# AVAILABLE DATA
• • • • •

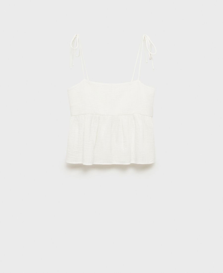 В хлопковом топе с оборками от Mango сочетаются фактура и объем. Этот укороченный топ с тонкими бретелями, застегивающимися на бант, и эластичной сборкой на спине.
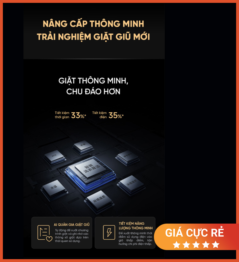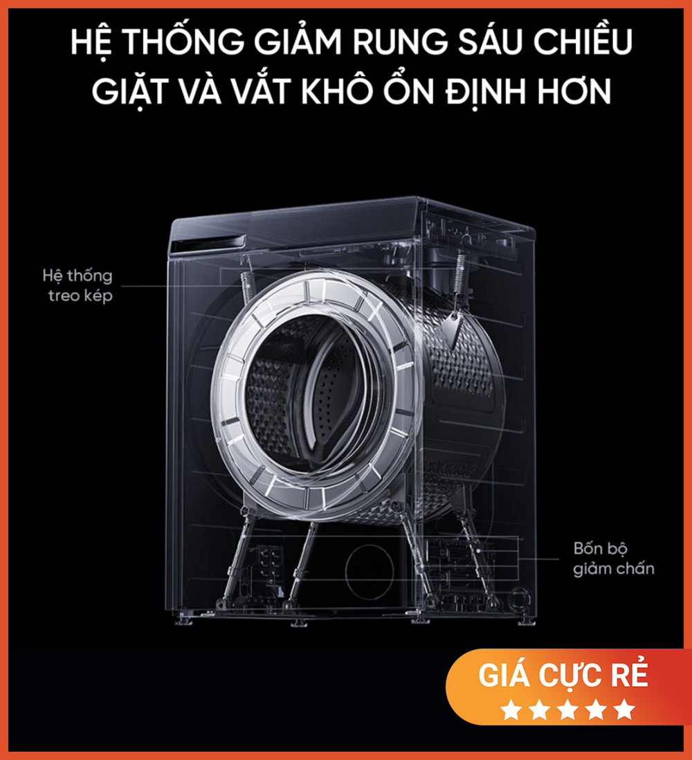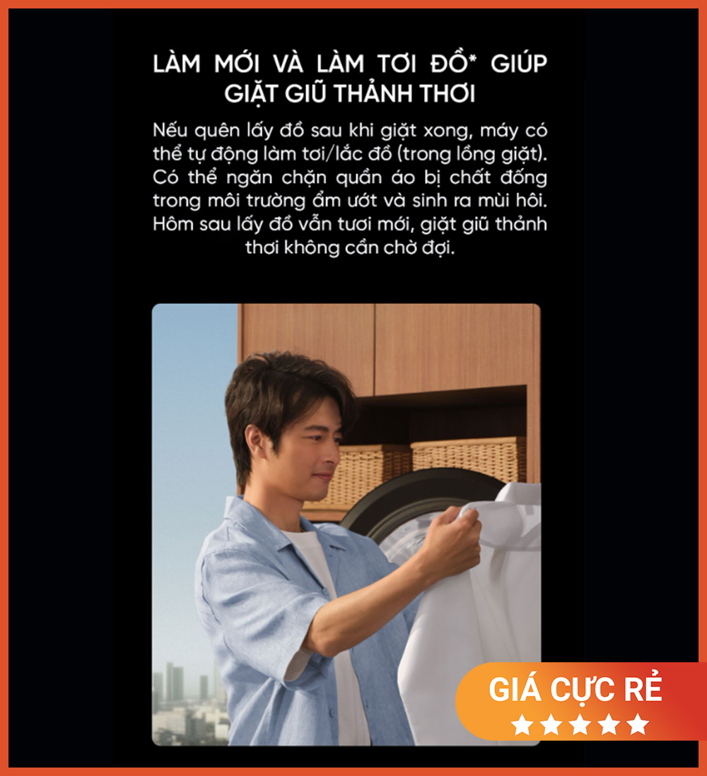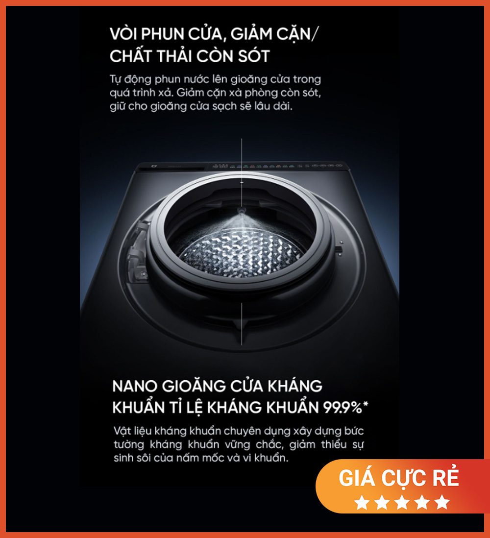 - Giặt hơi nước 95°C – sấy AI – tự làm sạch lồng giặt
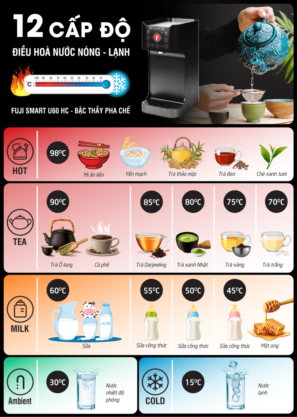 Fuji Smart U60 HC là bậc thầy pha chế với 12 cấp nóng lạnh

• • • • •

# WHAT YOU NEED TO DO
Begin at the line containing "- Giặt hơi nước" and write out every line to the end of the data exactly. Skip the pictures.

# RESPONSE AREA
 - Giặt hơi nước 95°C – sấy AI – tự làm sạch lồng giặt
 Fuji Smart U60 HC là bậc thầy pha chế với 12 cấp nóng lạnh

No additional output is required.